The endothelial cell migration assay was performed as described previously (15). Each substance was tested in quadruplicate in each experiment, and all experiments were repeated at least twice. VEGF (R&D Systems, Minneapolis, MN) was used as a positive control at a concentration of 100 pg/ml. The inhibitors of angiogenesis were used at the following concentrations in the migration assays: (a) all trans-RA (1 μm); (b) recombinant IFN-α (50 IU/ml); (c) PEDF (0.4 nm); (d) DI-TSPa (0.5 nm); (e) TNP-470 (1.5 nm); and (f) ENDO (3 nm). Optimal concentrations for VEGF and the six inhibitors were determined previously by dose-response experiments (data not shown).

In Vivo Tumor Studies.

Lewis lung carcinoma cells were injected into the s.c. tissue of female 3–4-week-old nu/nu mice (Charles River Laboratories) at a final concentration of 107 cells in 0.1 ml. One group of mice was given s.c. injections of ENDO (2.5 or 20 mg/kg/day), DI-TSPa (20 or 30 mg/kg/day), and TNP-470 (10 or 30 mg/kg/day), respectively. In vivo maximal and IC50s of each drug were determined in previous dose-response curve experiments (data not shown). A second group of mice was treated with a combination of ENDO and DI-TSPa, ENDO and TNP, and TNP-470 and DI-TSPa. A control group of mice was treated with PBS under the same conditions. Tumor growth was monitored over a period of 15 days by measurement with a caliper, and tumor volumes were calculated.

Determination of in Vivo Microvessel Densities.

Formalin-fixed, paraffin-embedded tissue from each tumor was generated to quantify differences in vessel densities. MVD was assessed with the technique described previously (16) using biotin-conjugated rat antimouse CD-31 antibody (PharMingen, Los Angeles, CA). Results were expressed as the highest number of microvessels observed at 200× in the “hot spot” region of each individual tumor.
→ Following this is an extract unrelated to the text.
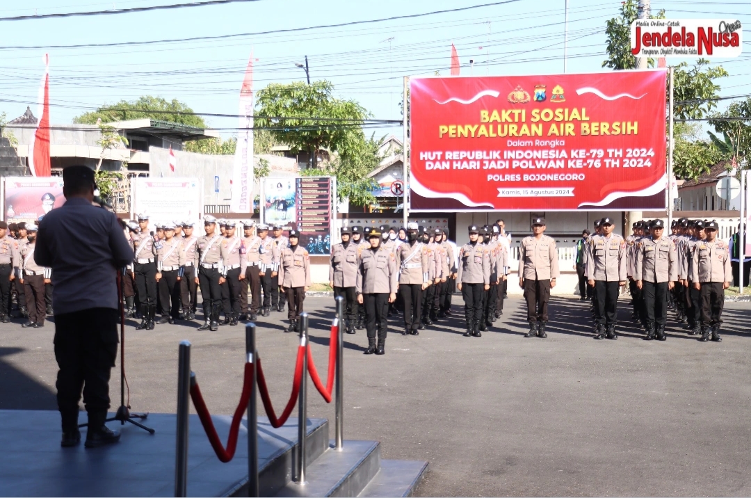 Bojonegoro , JNN.Com. Polres Bojonegoro melakukan apel pemberangkatan Bakti Sosial membagi air bersih dalam rangka HUT Kemerdekaan RI Ke-79 dan Hari Jadi Polwan Ke-76 Tahun 2024.

Global Expression Profiling of Antiangiogenic Agents.

To begin to define the global gene expression profiles of various inhibitors of angiogensis, HMVECs were treated with either ENDO, a synthetic analogue of fungal protein (TNP-470), DI-TSPa, PEDF, RA, or IFN-α. RNA was isolated, labeled with 33P, and used to probe nylon filters containing a total of 9184 genes (5295 named and 3889 ESTs). Of these, 326 genes were significantly modulated with a ≥3-fold induction or repression.

To test the hypothesis that it is possible to predict synergistic antiangiogenic activity based on gene expression profiling, we first created an empirical model that related the modulation of gene expression to the various physiological states induced by the agent. To globally describe relationships among the different agents through the corresponding transcriptomes without losing the experimental information contained in the high-dimensional database, we first performed a PCA. PCA reduces the dimensionality of complex data and displays the structure of sample interactions on a reduced space. The dimensional reduction is obtained through a linear transformation explained by a matrix, whose columns are the PCs (or the coordinates in the reduced space) of the data set and whose rows are the agents. We used the first three PCs, globally explaining ∼70% of the total variance, to project and group the six samples in a three-dimensional space. The PCA clustering of samples demonstrates that the six agents have a substantial separation, and four major groups can be identified (Fig. 1). In particular, ENDO and PEDF are largely separated from each other and from the remaining agents, whereas the couples TNP-DI-TSPa and IFN-RA tend to form two closely related clusters. These clustering results demonstrate four distinct expression patterns among the six inhibitors of angiogenesis and suggests that some of the inhibitors may act in a similar fashion. In addition, one might predict that inhibitors with different expression patterns would act by biologically divergent mechanisms.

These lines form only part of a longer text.